— Слушай меня. Слушай внимательно. Вот твоя история. Вы двое просто шли мимо, когда услышали выстрелы. Вы испугались и побежали. Если ты разглядел кого-то из участников перестрелки, опиши их полиции. Но не более того — ни слова. Держись своих показаний, не меняй их. А нам с тобой, — он метнул в сына сердитый взгляд, — предстоит серьезный разговор, и для тебя он будет очень неприятным, обещаю.
Рассел внял этим наставлениям, а потому и полиция, и репортеры посчитали Грегори Эйнсли случайной жертвой бандитской разборки.
Едва ли удивительно, что с той поры Рассел Шелдон навсегда покончил с марихуаной. Своей тайной он поделился только с Малколмом, который и сам догадывался, что произошло в действительности. Этот общий секрет, горе и чувство вины еще более сблизили двух подростков. Их дружбе суждено было длиться многие годы.

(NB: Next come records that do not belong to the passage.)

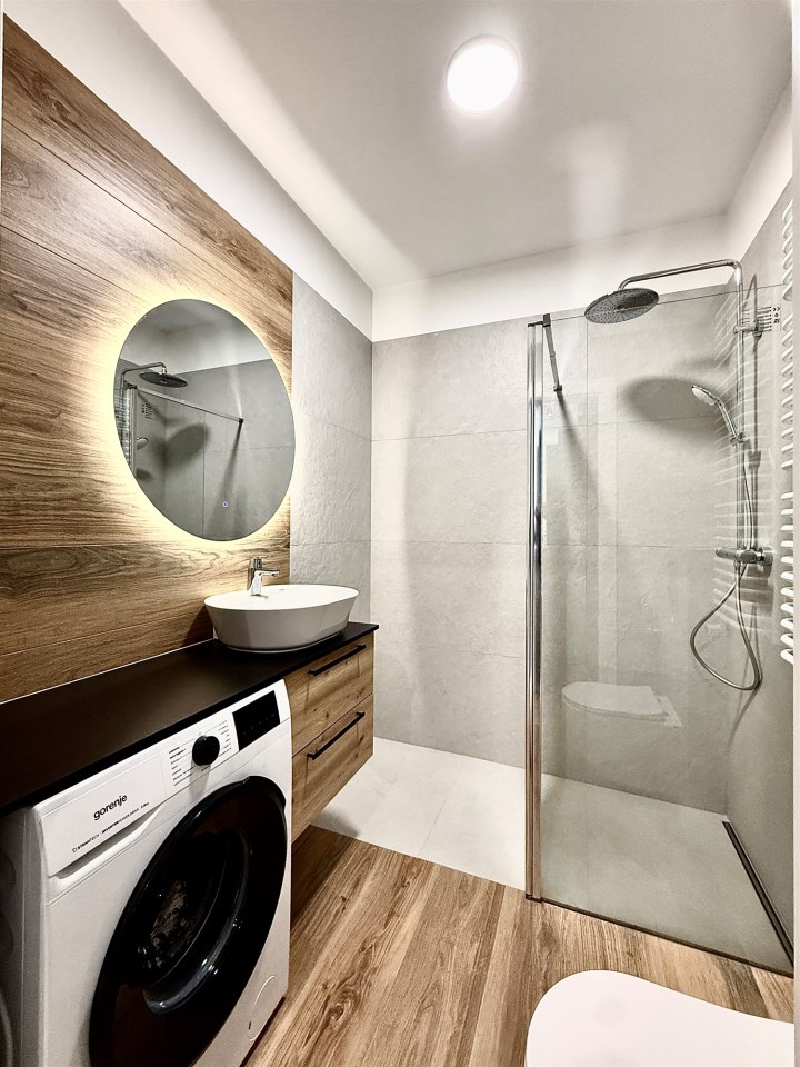 | Wyposażenie łazienki | lustro, kabina prysznicowa, WC, pralka |
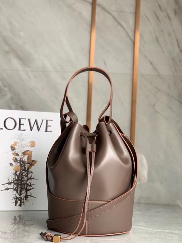 Loewe Medium Balloon Bucket Bag In Taupe Calfskin
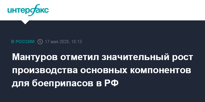 Мантуров отметил значительный рост производства основных компонентов для боеприпасов в РФ
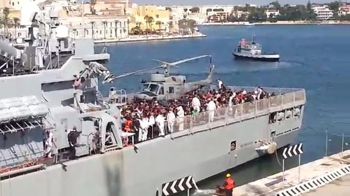 È giunta nel porto di Brindisi questa mattina alle 9.30, con mezzora d’anticipo sull’orario previsto, nave Scirocco con circa 750 migranti salvati dalla nostra Marina militare nelle acque del canale di Sicilia. Già in funzione il dispositivo di accoglienza pianificato ieri pomeriggio dalla prefettura di Brindisi e che vede tutte le forze dell’ordine impegnate, insieme a Capitaneria di porto e Protezione civile di Brindisi. Un campo di prima accoglienza è stato realizzato nell’ex capannone Montecatini. Le operazioni di sbarco e di verifica delle condizioni dei migranti sono rese difficoltose dal grande caldo.
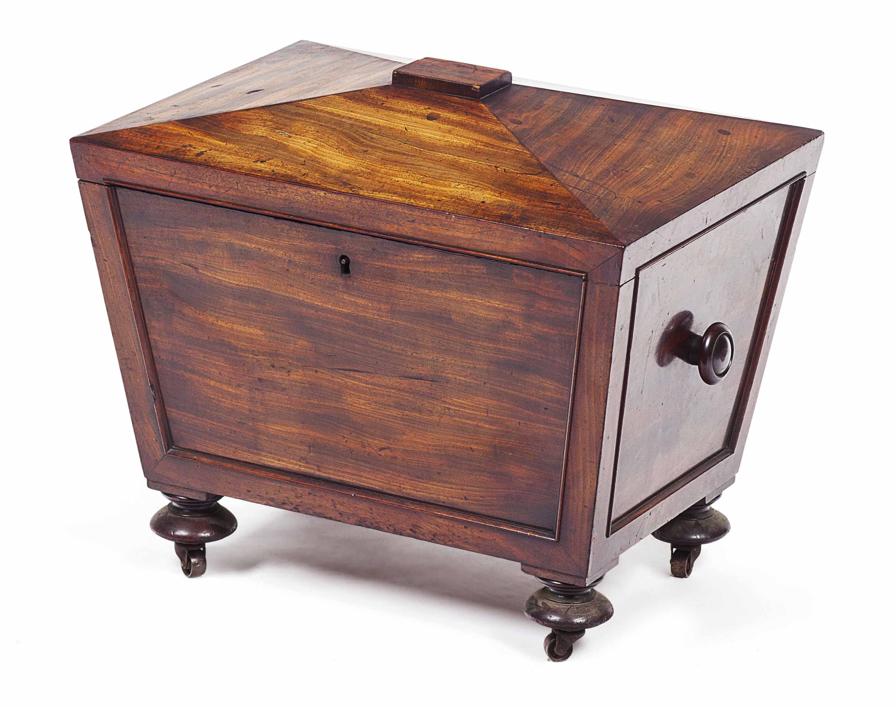 of sarcophagus form with knop handles to the sides, opening to a lined interior, raised on squat turned feet with castors

Для Виктории Эйнсли смерть Грегори стала тяжелым ударом. Однако придуманная Кермитом Шелдоном простенькая легенда о невиновности Грегори и ее собственная религиозность послужили ей некоторым утешением в горе. “Он был таким чудным ребенком, что Бог призвал его к себе, — говорила она знакомым. А кто я такая, чтобы подвергать сомнению Промысел Божий?”
И Малколму уже через несколько дней после гибели его брата она сказала:
— Должно быть, Господь не знал, что Грегори станет священником. Если бы знал, не стал бы забирать его на небо.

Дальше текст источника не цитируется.